Augmented reality is the art of adding information to the raw data perceived by a device. This perceived raw data is usually in the form of camera input; some 30 images every second. In order to be able to add relevant information to these images, the device must go through a highly sophisticated process of understanding the input.
This is known as image processing.
Take this image of São Paulo for example.
To a human like myself it is rather easy to understand what this image represents. I see lots of buildings, most of them residential and built between 1960 and 1990. I deduce this is a large and dense city. From there, I could easily count how many floors there are in some of the buildings and draw huge floating numbers on top of them so no one else has to count them, ever.
What my device's camera sees is very different, however. She (my device is a she) sees an array of pixels, each of which has a very precise colour assigned to it. To put ourselves in my device's shoes, we zoom in until we can no longer recognize individual objects.
She (I'm still talking about my device) is free to scroll around, but she is still unable to recognize buildings, let alone counting the floors. She can only obtain very "local" information about parts of the image. By looking around she realizes that a certain pixel is much darker than its neighbour to the right. Another one over there is much lighter than its neighbour below. It occurs to her that by following contrasting pixels, she can obtain "contours" which may lead her to deducing the shapes of individual buildings in the image.

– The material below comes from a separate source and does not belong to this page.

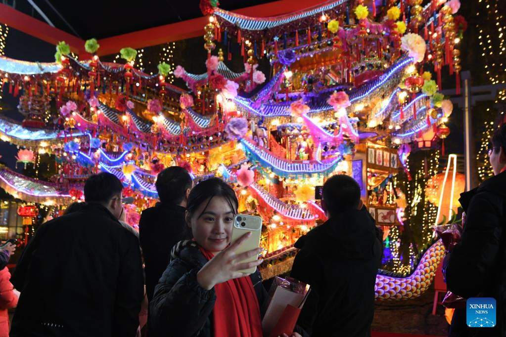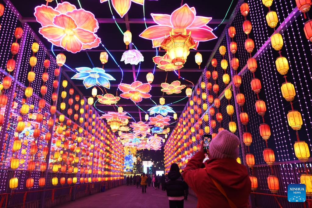 Lanterns are seen during the 31st Zigong International Dinosaur Lantern Show in Zigong, southwest China's Sichuan Province, Jan. 17, 2025. The 31st Zigong International Dinosaur Lantern Show kicked off here on Friday. This year's lantern show features 12 groups of super-large light sets, seven groups of large light sets and more than 200 groups of small and medium-sized light sets. The scale of the lantern displays has set a new record in the history of the Zigong International Dinosaur Lantern Show. (Xinhua/Xu Bingjie)

This is the basis of image processing: Obtaining relevant object information from an image by putting together clusters of local information. My job as a developer is to research, come up with, and write down the algorithms that make a device able to perform image processing. This is not limited to finding contours, and sometimes it involves concepts as deep as "teaching" the device to to improve its processing methods by analyzing its own output.
In a sequel to this blog post we will learn a little bit more about image processing and how it is possible for a device to deduce perspective information from camera input.